■ Task details
Using only the entries below, copy exactly the lines that begin at the one with "Yipinpay Women Tube" and end at the one with "This paper summarizes", both included. Drop the pictures.

■ Extracted records
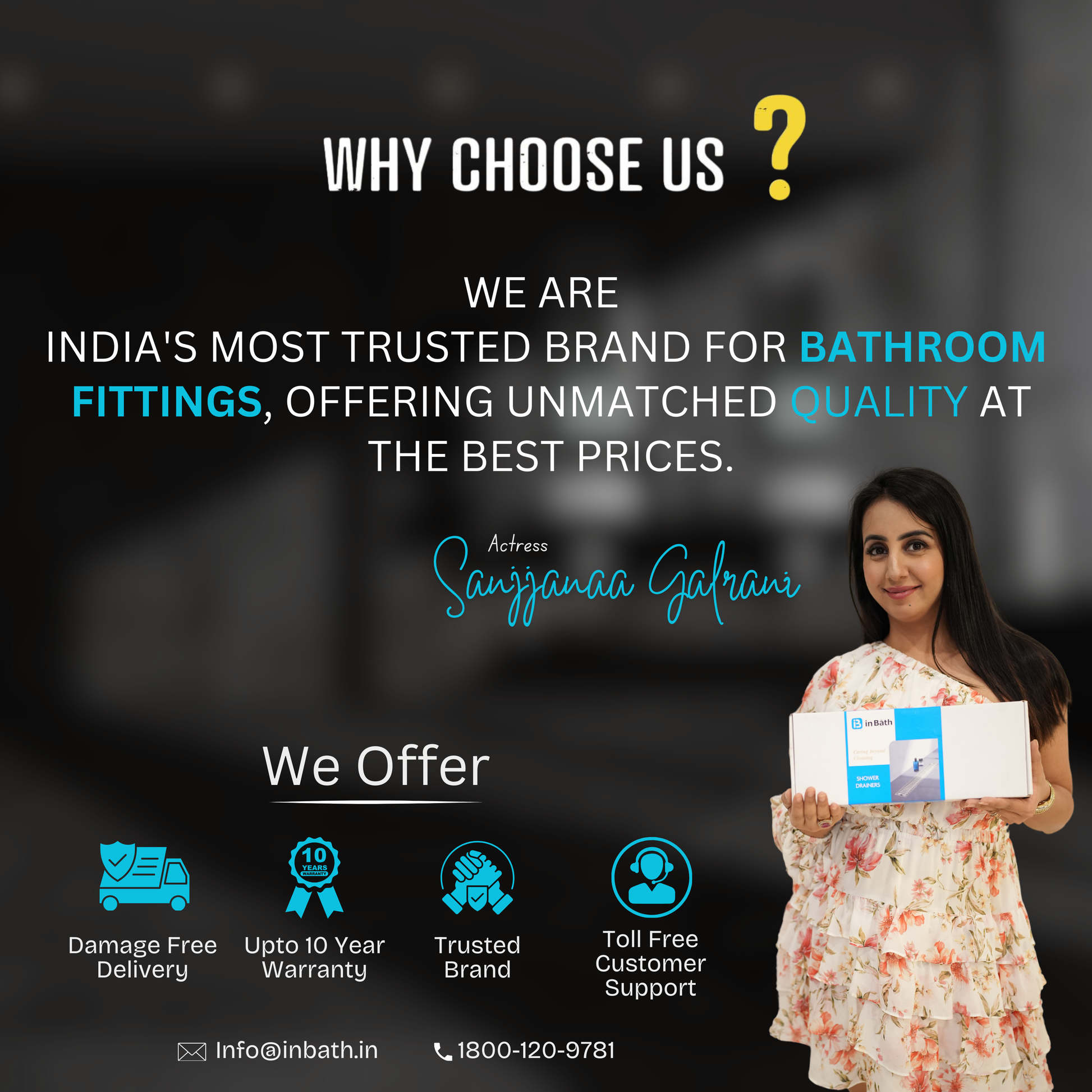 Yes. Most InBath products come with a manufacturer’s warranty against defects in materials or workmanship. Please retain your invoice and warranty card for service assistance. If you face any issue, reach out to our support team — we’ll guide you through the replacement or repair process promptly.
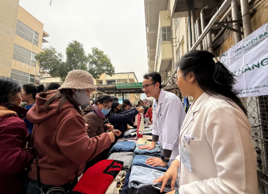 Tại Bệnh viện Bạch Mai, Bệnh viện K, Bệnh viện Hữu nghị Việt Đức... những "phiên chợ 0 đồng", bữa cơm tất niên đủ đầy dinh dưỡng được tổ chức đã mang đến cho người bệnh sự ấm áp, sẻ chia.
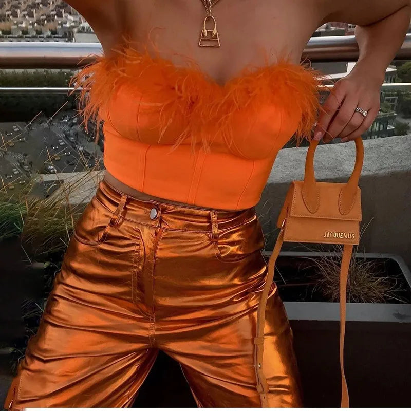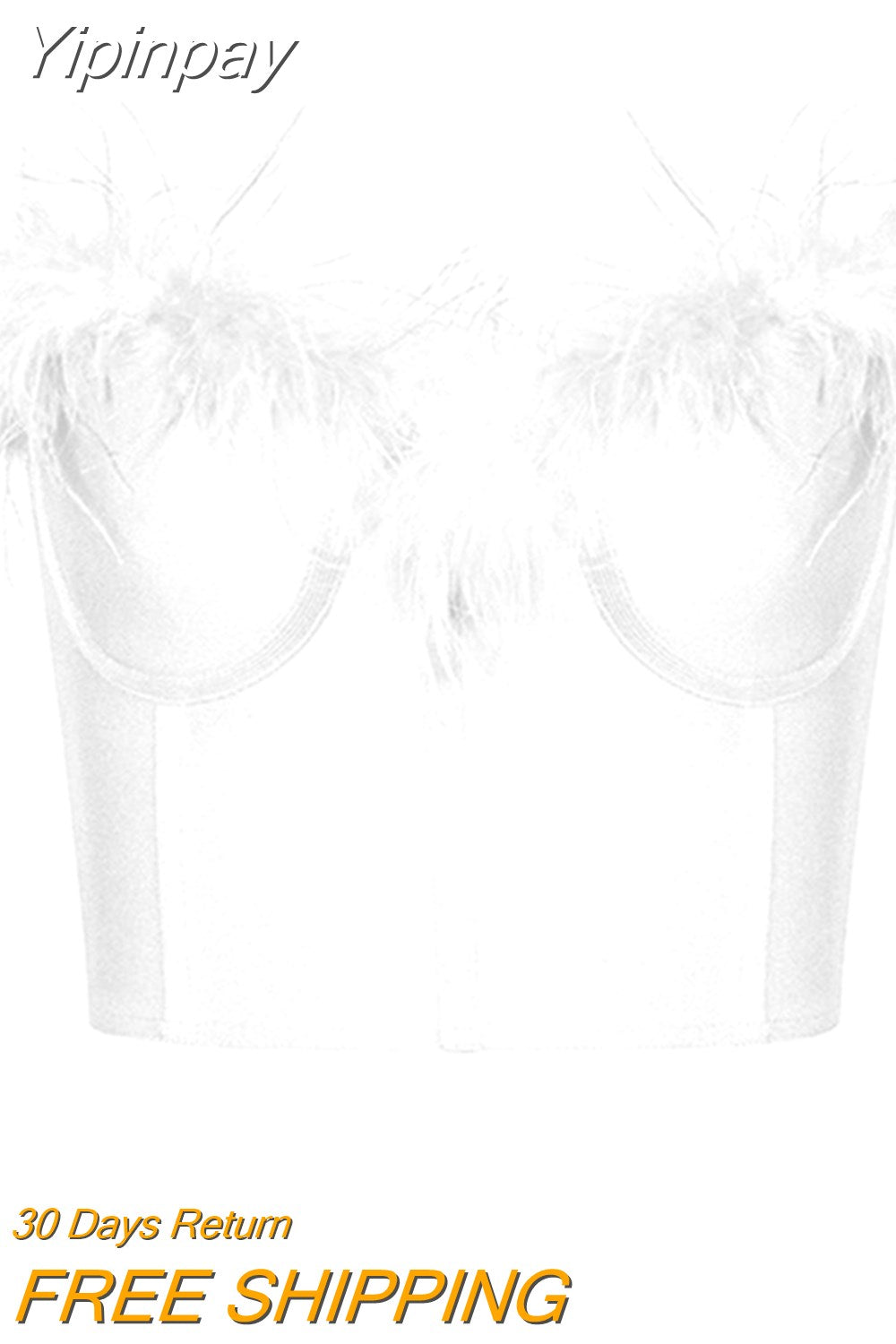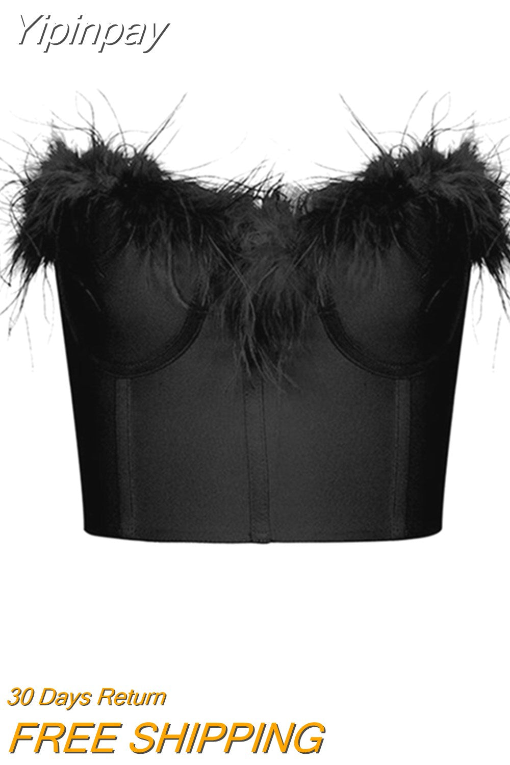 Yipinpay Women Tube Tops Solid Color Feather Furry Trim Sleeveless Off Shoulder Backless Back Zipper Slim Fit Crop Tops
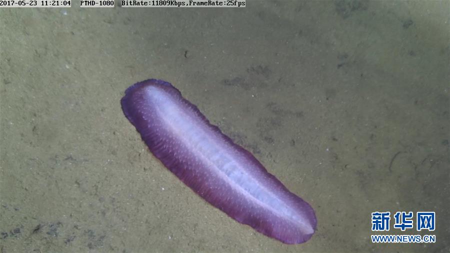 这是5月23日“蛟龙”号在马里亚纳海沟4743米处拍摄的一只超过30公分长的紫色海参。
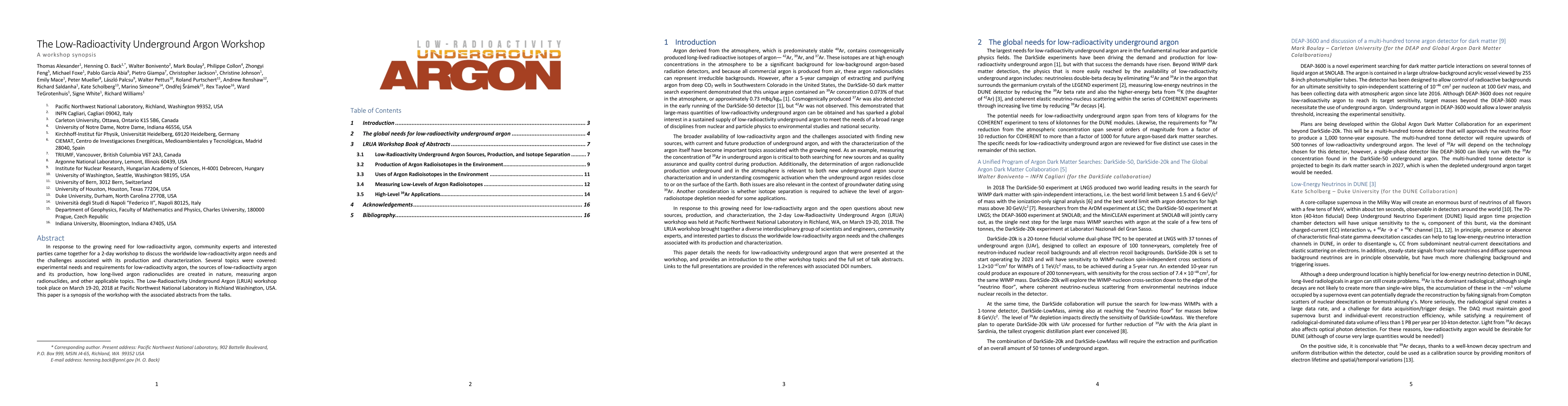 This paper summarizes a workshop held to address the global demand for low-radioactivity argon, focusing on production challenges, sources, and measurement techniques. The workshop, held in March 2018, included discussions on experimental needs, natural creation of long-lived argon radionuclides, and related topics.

--

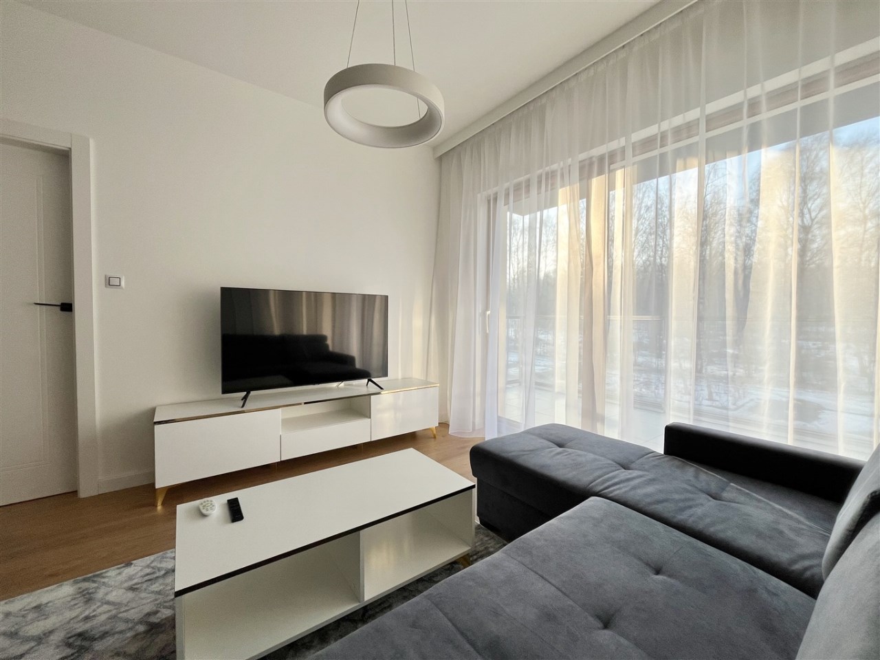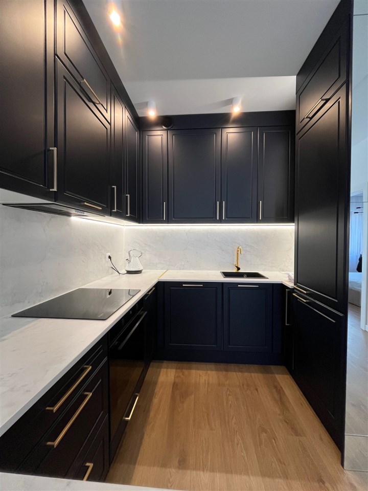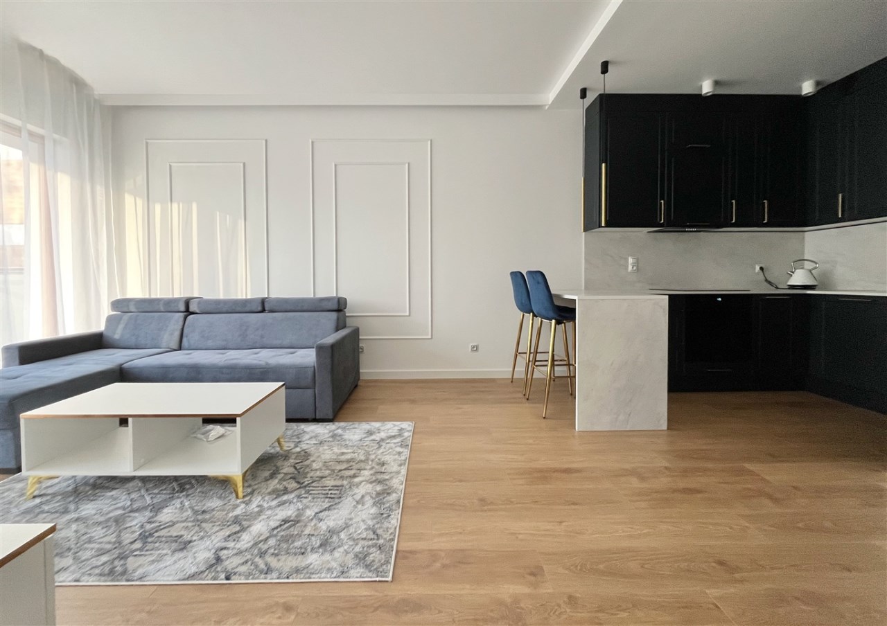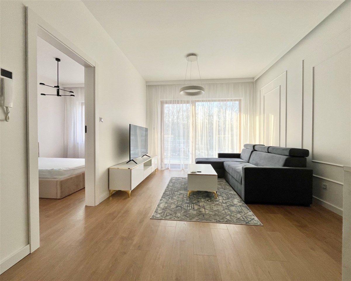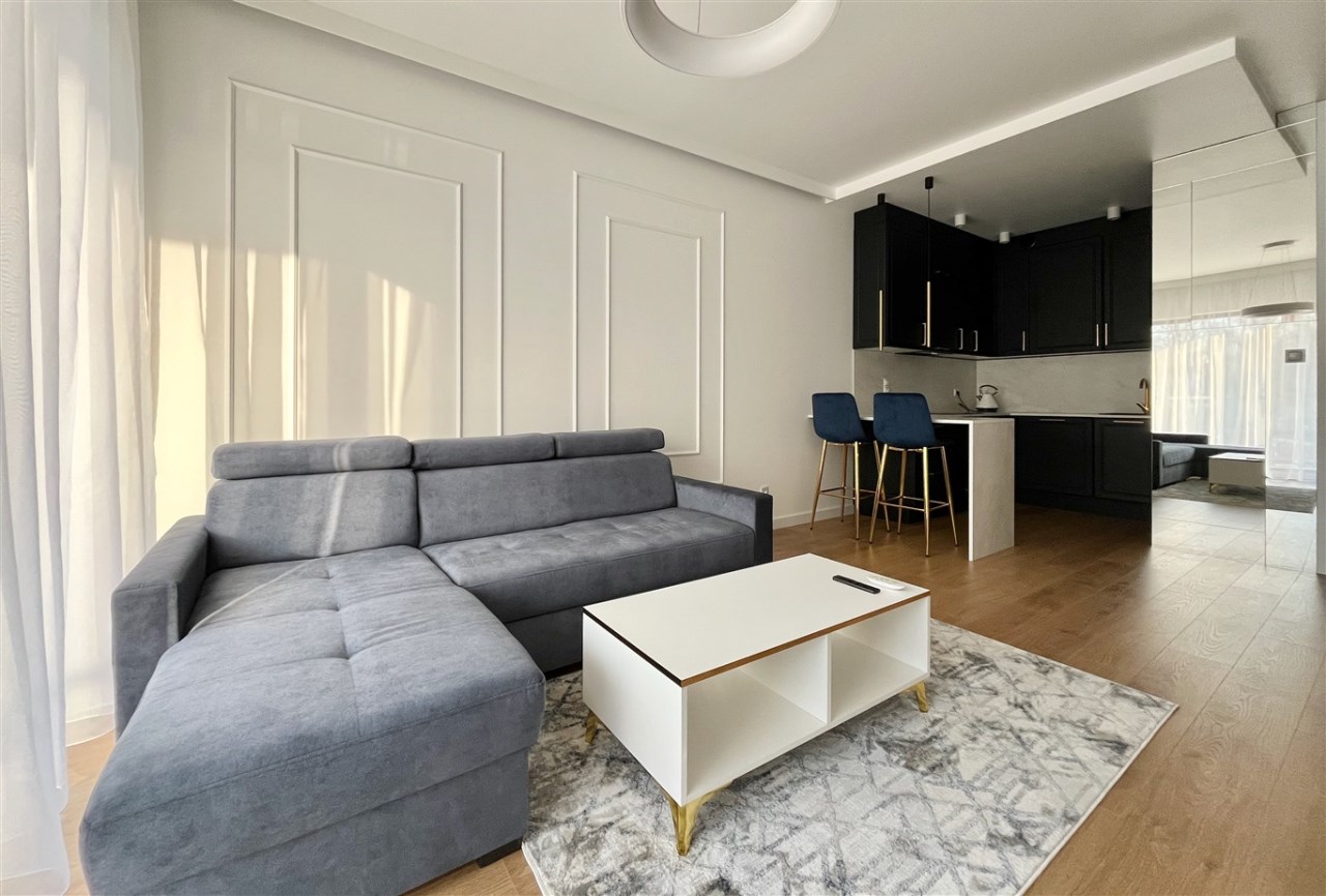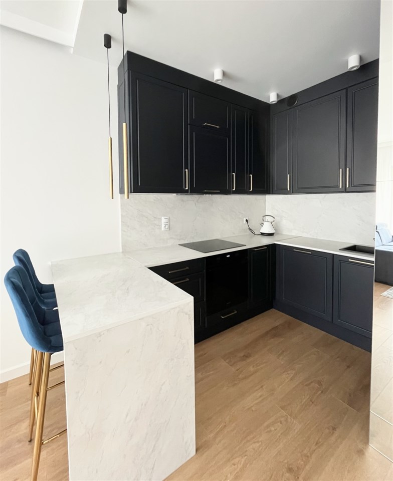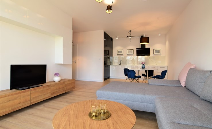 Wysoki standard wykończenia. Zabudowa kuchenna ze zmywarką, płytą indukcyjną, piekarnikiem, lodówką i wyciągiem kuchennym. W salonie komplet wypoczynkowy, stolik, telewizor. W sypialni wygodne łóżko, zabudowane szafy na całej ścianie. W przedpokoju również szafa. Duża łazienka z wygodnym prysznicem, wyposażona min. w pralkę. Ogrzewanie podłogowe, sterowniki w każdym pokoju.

■ Result for this task
 Yipinpay Women Tube Tops Solid Color Feather Furry Trim Sleeveless Off Shoulder Backless Back Zipper Slim Fit Crop Tops
 这是5月23日“蛟龙”号在马里亚纳海沟4743米处拍摄的一只超过30公分长的紫色海参。
 This paper summarizes a workshop held to address the global demand for low-radioactivity argon, focusing on production challenges, sources, and measurement techniques. The workshop, held in March 2018, included discussions on experimental needs, natural creation of long-lived argon radionuclides, and related topics.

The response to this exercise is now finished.